The painting "The Color of the Pomegranate" by Sergei Paradzhanov is this time the main source of inspiration for Alexander Arutyunov. An incredibly beautiful film tells about the Armenian poet Sayat-Nova, and his aesthetics are often quoted by photographers and stylists. “When I watch Sergei Paradzhanov’s films, everything turns upside down inside me. The style with which he worked is very close to me. You can pause the color of the grenade at any time and make a postcard out of the frame,” says the designer.

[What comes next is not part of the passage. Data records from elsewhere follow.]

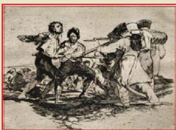
Goya, Con razon o sin ella , pl. 2 des Désastres de la Guerre , 1810 - 1815, eau-forte et aquatinte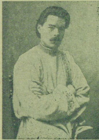
А. М. Горький (1900 г.).

Барин смотрел—я едкое чувство обиды и желания возмездия наполняло его. Он пожалел, что с ним нет ничего, ни палки, ни ре-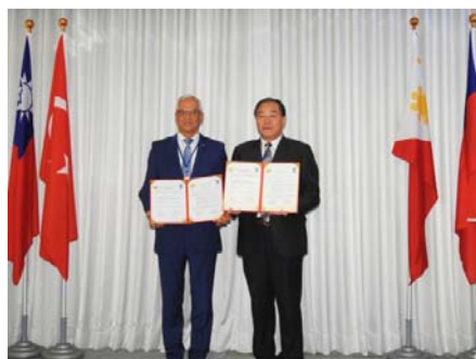
圖 12 鳳山區與土耳其恰娜卡雷市 締盟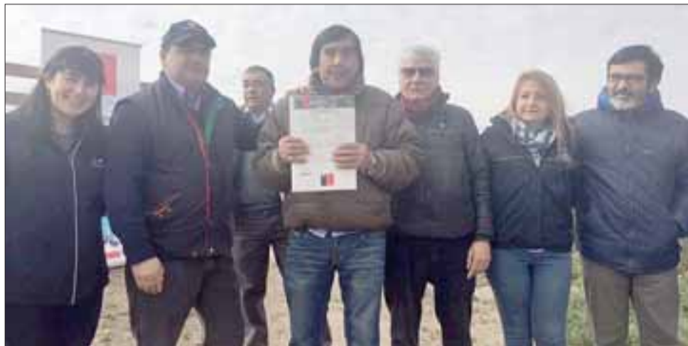
Seis familias fueron bonificadas con un total de $53 millones, que se traducirán en una inversión público privada de unos $60 millones, recursos destinados a la implementación de sistemas de riego y la construcción de estanques.

De igual forma, el Seremi de Agricultura, Ricardo Astorga, sostuvo que esta visita está relacionada con los compromisos que habíamos adquirido como Gobierno de acercar la Comisión Nacional de Riego a la pequeña agricultura, complementando además el esfuerzo del Gobierno Regional para entregar una ayuda integral a los agricultores y asegurar el riego. «Nos comprometimos ante el Consejo Asesor Campesino de que esto se iba a hacer y ya se ven los primeros frutos del trabajo realizado junto con la CNR, que hoy cuenta con oficina re-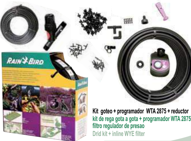
Kit goteo + programador WTA 2875 + reductor kit de rega gota a gota + programador WTA 2875 + filtro regulador de presao Drid kit + inline WYE filter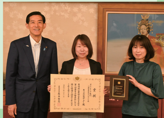
第8回食育活動推進表彰 農林水産大臣賞受賞 幼児の料理教室「キッズ・キッチン」などを運営するキッズ☆サポーターが市長へ受賞を報告（市庁舎・6月6日）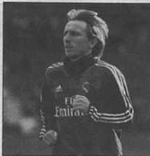
LUKA MODRIĆ u Realu je htio završiti karijeru

Modrić je jedan od najvažnijih članova prve postave Madridana te najstariji igrač sadašnje momčadi. Ostane li u klubu do kraja ugovora, ondje će vjerojatno završiti karijeru s napunjenih 36 godina.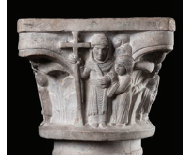
Fig. 7 – Brescia, Musei Civici, capitello proveniente dalla cripta, santa Giulia con Fede, Speranza e Carità.

L'attestazione più conosciuta è il capitello (figg. 4, 5, 6, 7) che proviene dalla cripta di San Salvatore 74 , realizzato in occasione dell'ampliamento della confessione nella seconda metà del XII secolo, in concomitanza con le grandi trasformazioni del monastero, quando, oltre all'edificazione di Santa Maria in Solario, si adattò il cuore liturgico della fondazione e la basilica venne impreziosita da campagne pittoriche e da nuovi edifici. La necessità di un luogo più ampio per la venerazione delle sacre spolia portò alla trasformazione della cripta e si passò da un ambiente ipogeo, a cui si accedeva mediante corridoi anulari, ad una più grande struttura ad oratorio che conservava le arche con le reliquie e consentiva una migliore fruizione dei percorsi liturgici 75 .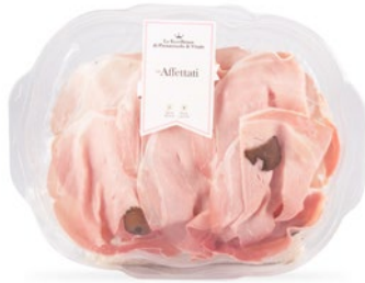
PROSCIUTTO COTTO AL TARTUFO Cooked ham with truffles senza glutine, senza lattosio gluten free, lactose free Cod: 0032249 - 100 g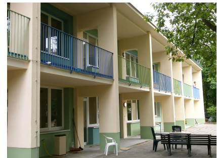
Loggien an der Gartenfassade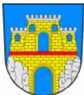
Město Teplice nad Metují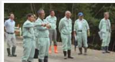
菖蒲谷森林公園を視察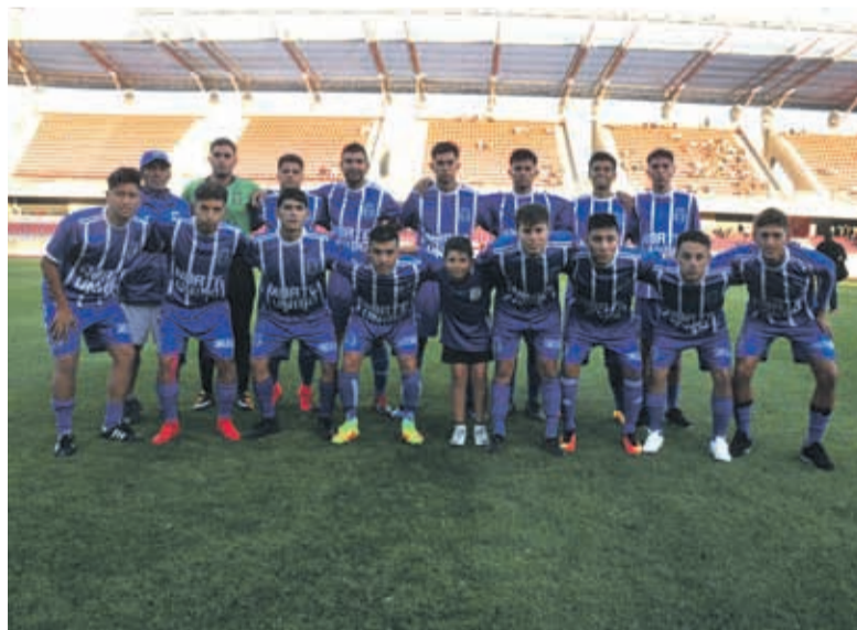
Norte Unido de Iquique luchó hasta el final y nunca bajó los brazos, pero no pudo evitar la derrota.

Los Copihues debutó con un importante triunfo 4-2 sobre Norte Unido. Por su parte, Unión Bellavista empató en la agonía 1-1 ante Juventud Norrambuena y sumó un punto de oro en su lucha por llegar a la gran final.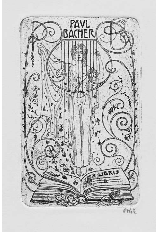
Emil Orlik: Ex Libris Paul Bacher, 1905. Ätzgrund-Radierung, 100 x 63 mm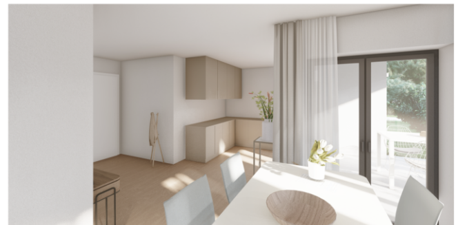
Kochen / Essen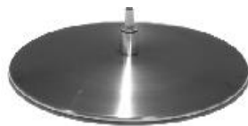
Fuß 27 Teller Edelstahl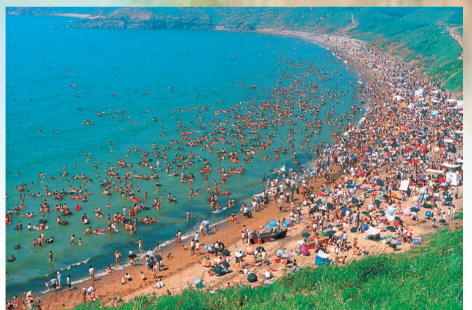
▲美麗的葫蘆島海濱

這不是一句漂亮的口號，而是實實在在的行動。葫蘆島振興崛起恰逢其時。這裡有巨大的開發潛力，就工業發展而言，圍繞石化、有色金屬、船舶、機械等優勢主導產業，尚有可以百億元計算的原材料和初級產品深加工潛力；就沿海開發而言，完全有條件建設噸深水大港，沿海一帶還有豐富的鹽鹼灘地和工業預留地，發展鹽鹼工業、港口物流業和離岸服務業的條件十分優越；這裡生態環境、旅遊資源優勢得天獨厚，發展綠色產業前景廣闊。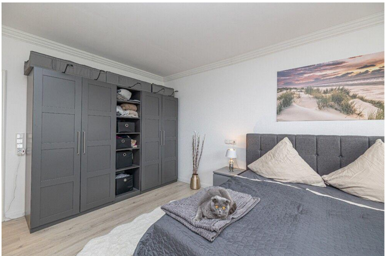
Platz für einen Kleiderschrank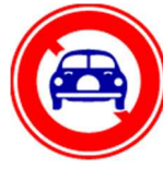
禁止二轮摩托车以外的汽车通行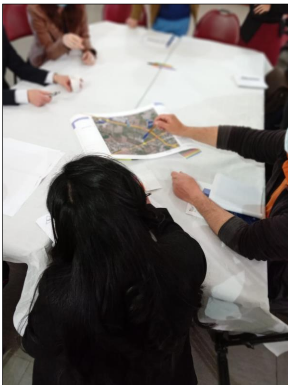
Photo travail en atelier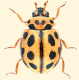
16 points Tytthaspis sedecimpunctata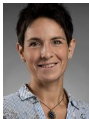
Manuela Banic Bürgerbüro Einwohnermeldeamt Renten- u. Sozialangelegenheiten Terminvergabe für Rentenberatung Schülerbeförderung

Zimmer Erdgeschoss Nr. 1 Telefon 07722 8608-25 monika.ganter@schoenwald.de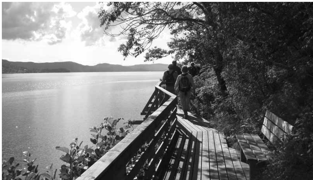
Gangbrua langs Helgåsen.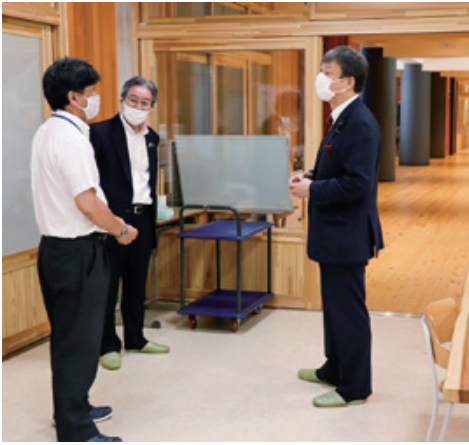
令和3年8月 地元の森林資源をふんだんに 使用した下北山村立下北山中学校を訪問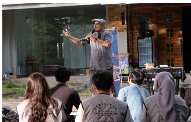
Gambar 1.2B Sesi Mendengarkan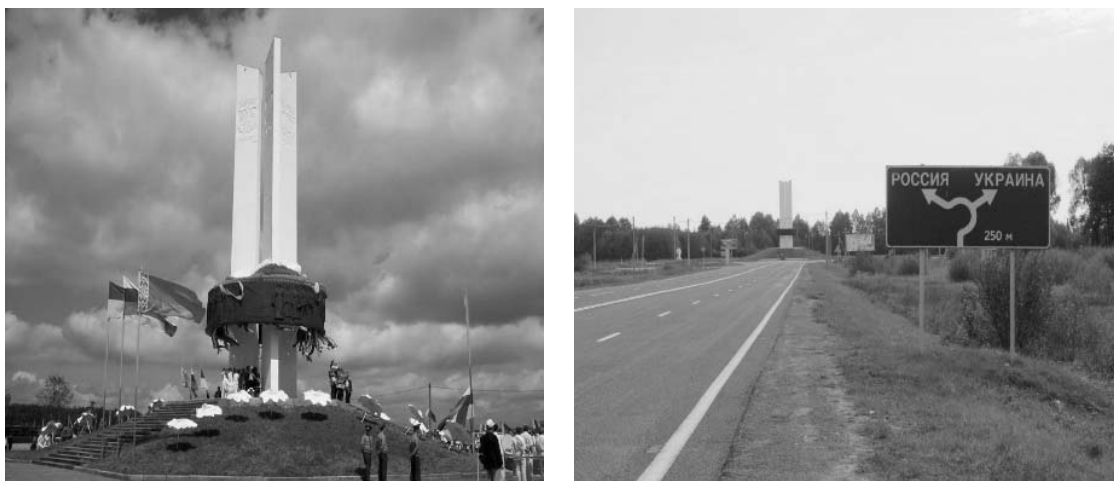
Рисунок 1.52 – Памятник на границе трех стран. Веселовка, Добрушский район, Гомельская область http://globus.tut.by/veselovka/index.htm#pomnik

Памятник на границе трех стран (1975 г.) в населенном пункте Веселовка Добрушского района Гомельской области завершает наш краткий (и, возможно, субъективный) обзор исторических и культурных памятников Белорусского Полесья.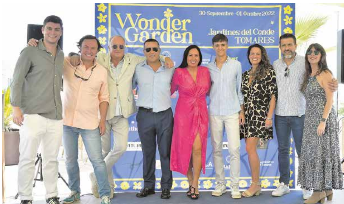
Foto de familia en el Casino Admiral de la presentación del I Festival Wonder Garden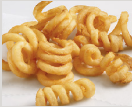
Tater Boy® Crispy QQQ's® (24328)

También Disponible: LW Private Reserve® (G0033)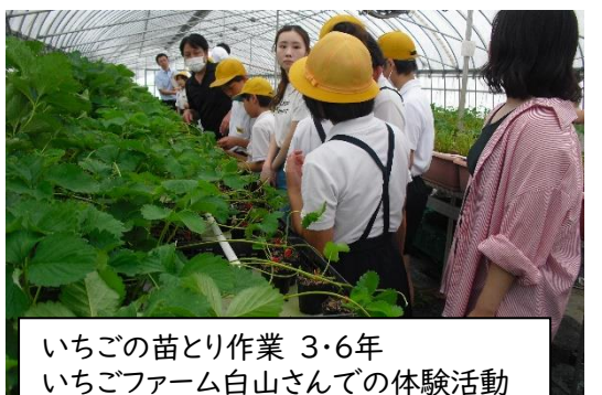
いちごの苗とり作業 3・6年 いちごファーム白山さんでの体験活動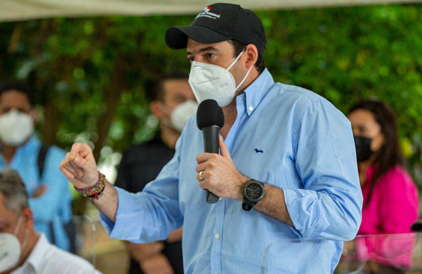
José Gabriel Carrizo Jaén, vicepresidente y ministro de la Presidencia de la República de Panamá.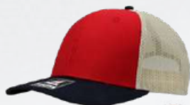
RED / BLACK / STONE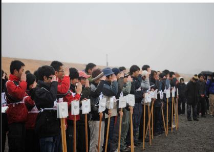
小雨の中も凛々しい選手たち

第54回全日本学生グライダー競技選手権大会の開会式が行われた。雨にもかかわらず、選手の姿は堂々としたものであった。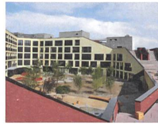
Kalkbreite, Zürich In Betrieb seit 2014; Genossenschaft Kalkbreite (TEC21 26–27/2014)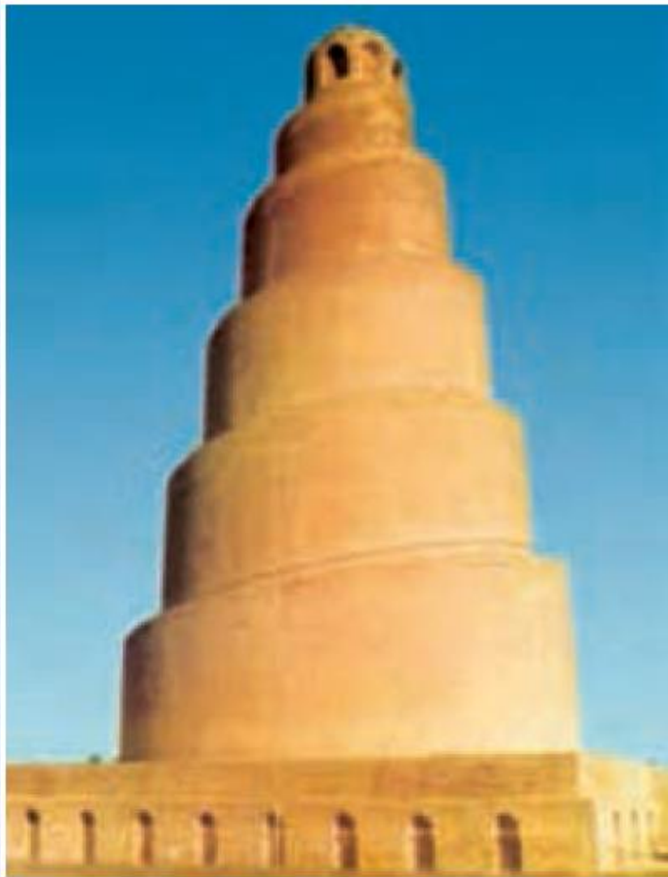
برج ملویه سامرا از آثار معماری دوران خلافت عباسی

On the backstage you can see the hairstyles and make-up: hairdressers from Fen Dry Bar create the effect of wet hair, and make-up artists M.A.C. emphasize the natural beauty of girls neutral makeup.

 

 

Models are released under compilation from Jivan Gasparyan’s music and a song about the Armenian Genocide, made by Anton M. The show begins with bows made from bay leaf print shirts and leather skirts and shorts. Print, one of the strongest elements of the collection, can be seen on dresses, skirts and golf. "I love painstakingly fine work. Embroidery and painting give me particular pleasure. The previous collection started with painting on fabric - most of the things were decorated with peacock feather patterns. I hardly managed to find in Moscow. It turns out that some things are close to couture, but I cannot deny myself this, I am from Georgia! " - explains Alexander Arutyunov. We, of course, like caps with bay leaves.

 

 

The collection turned out as if the whole evening. Dress in the floor with a leather Basque is replaced by a transparent sweatshirt with a skirt-sun. They are followed by jackets with cunning leather inserts and overalls with elements referring to Georgian national costumes. Looking at them, we are convinced that the designer does not hold the skill and technical skills. There are more everyday things in the collection - for example, voluminous checkered coats and sculpted pencil skirts. Particular attention should be paid to accessories: these are metal crowns and hats with feathers and cameos. We hope to see in such the nicest girls of Russia and, of course, Georgia.